Dataset content —
......

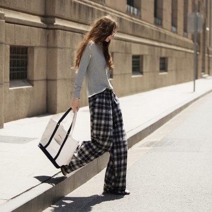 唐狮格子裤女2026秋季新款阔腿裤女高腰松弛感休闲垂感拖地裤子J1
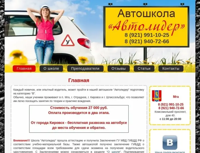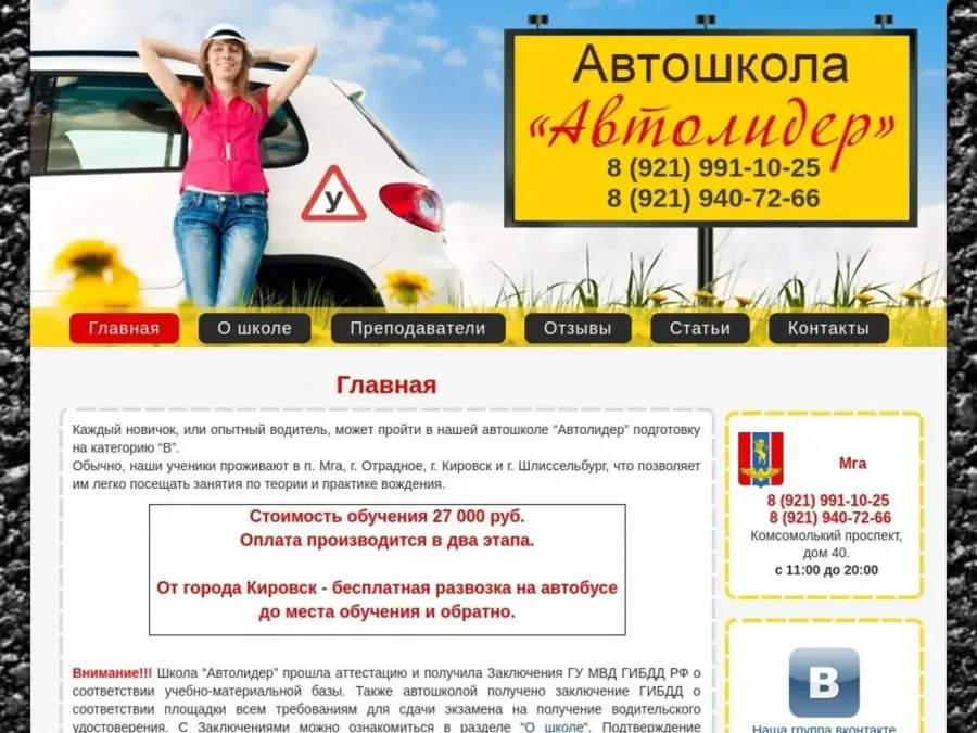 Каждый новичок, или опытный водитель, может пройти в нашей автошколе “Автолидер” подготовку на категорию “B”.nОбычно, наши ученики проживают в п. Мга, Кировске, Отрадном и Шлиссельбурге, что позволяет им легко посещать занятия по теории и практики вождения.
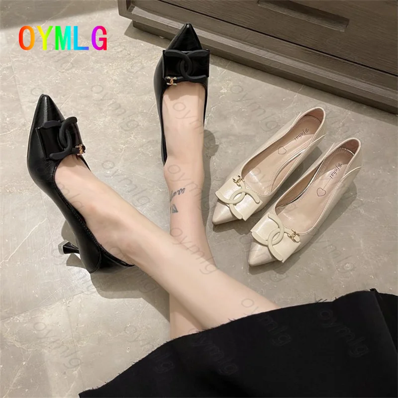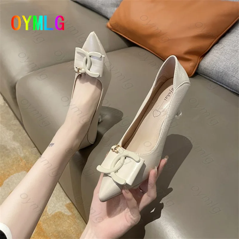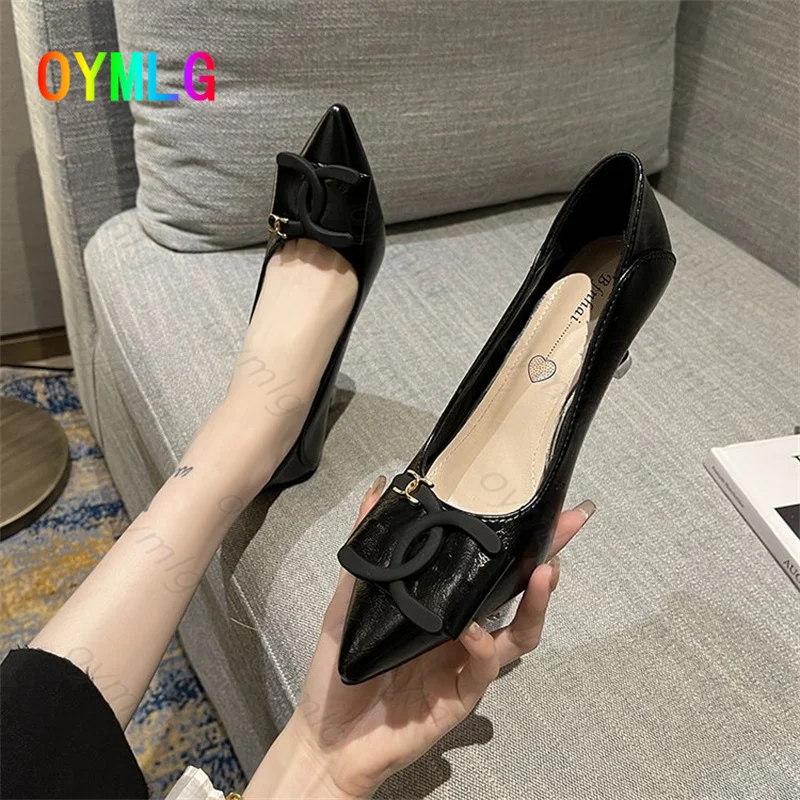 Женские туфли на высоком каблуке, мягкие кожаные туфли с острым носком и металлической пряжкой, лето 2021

......

Exercise objective — The entire listing above, word for word and without pictures, is what should be output.

Task result —
 唐狮格子裤女2026秋季新款阔腿裤女高腰松弛感休闲垂感拖地裤子J1
 Каждый новичок, или опытный водитель, может пройти в нашей автошколе “Автолидер” подготовку на категорию “B”.nОбычно, наши ученики проживают в п. Мга, Кировске, Отрадном и Шлиссельбурге, что позволяет им легко посещать занятия по теории и практики вождения.
 Женские туфли на высоком каблуке, мягкие кожаные туфли с острым носком и металлической пряжкой, лето 2021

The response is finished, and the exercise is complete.